The music for Robin of Sherwood was composed and performed by Irish folk group Clannad. The show's original soundtrack, Legend, was released in 1984 and won the BAFTA award for Best Original Television Music.

Three singles were released from the album: the theme-tune "Robin (The Hooded Man)", "Now is Here" and "Scarlet Inside". An EP contained a remix of "Robin (The Hooded Man)" from the third series.

While not all of the show's music is found on the Legend album, some additional pieces can be found on Clannad's albums Macalla (released in 1986) and Clannad: Live in Concert, 1996 (released in 2005). In November 2003, Clannad revealed on their official web site that "there were several other pieces of music recorded for the third series of Robin of Sherwood that were not included on the Legend album". On 25 October 2024 Clannad released the Legend Extended 40th Anniversary edition includes eleven previously unreleased tracks taken from the classic TV series. It features eleven previously unreleased tracks. This hopefully completes all the missing tracks.

==Crew==
- Directed by: Ian Sharp and others
- Written by: Richard Carpenter, Anthony Horowitz, Andrew McCulloch and John Flanagan
- Cinematography: Roger Pearce, Howard Rockliffe, Gary Breckon and Bob Edwards
- Music: Clannad
- Production design: John Biggs and Ken Sharp
- Costume design: Lynette Cummin
- Scenic artist: Peter Gray
- Editing: David McCormick, Andy Findlay, Robin Inger, and others.
- Casting: Esta Charkham and Beth Charkham
- Special effects: Ken Lailey
- Stunt co-ordination: Terry Walsh
- Horse Master: Steve Dent

==Reception==
A review at rpg.net, written in 2003, opines:

Robin of Sherwood is, for many people, the definitive modern version of the Robin Hood legend. Moody, atmospheric, superbly written and acted, with a haunting soundtrack by Clannad (later released as the album Legend), it was the inspiration for a generation of British fantasy role-players [...] That Robin of Sherwood succeeded is a tribute to the skill of writer, cast and crew. Somehow, despite its fantasy elements, it produced something earthy and captivating. Not history, nor fantasy, but a kind of "mystic history".

Reviewing Robin of Sherwood for SFX magazine, Jayne Nelson stated that "this incarnation of England's most famous outlaw will probably never be bettered". Nelson praised the show's "excellent writing, moody cinematography and haunting score". Nelson called "The Greatest Enemy" the best episode of the show, followed by "The Swords of Wayland" and "The Sheriff of Nottingham".

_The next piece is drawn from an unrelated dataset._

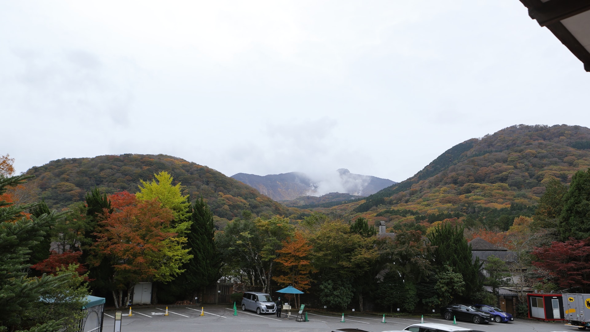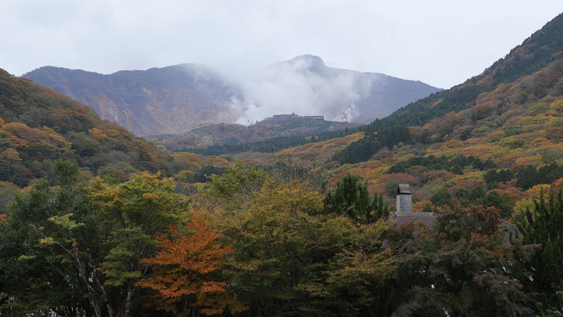 紅葉の山々とガラス庭園

Richard Marcus, writing on blogcritics.org, wrote in 2008:

While the series is noteworthy for its historical accuracy and for the fact that it associates Robin with pre-Christian English mythology, it was also one of the few series where they managed to kill off the main character one series and successfully continue for another year with a new actor and a new Robin Hood. ...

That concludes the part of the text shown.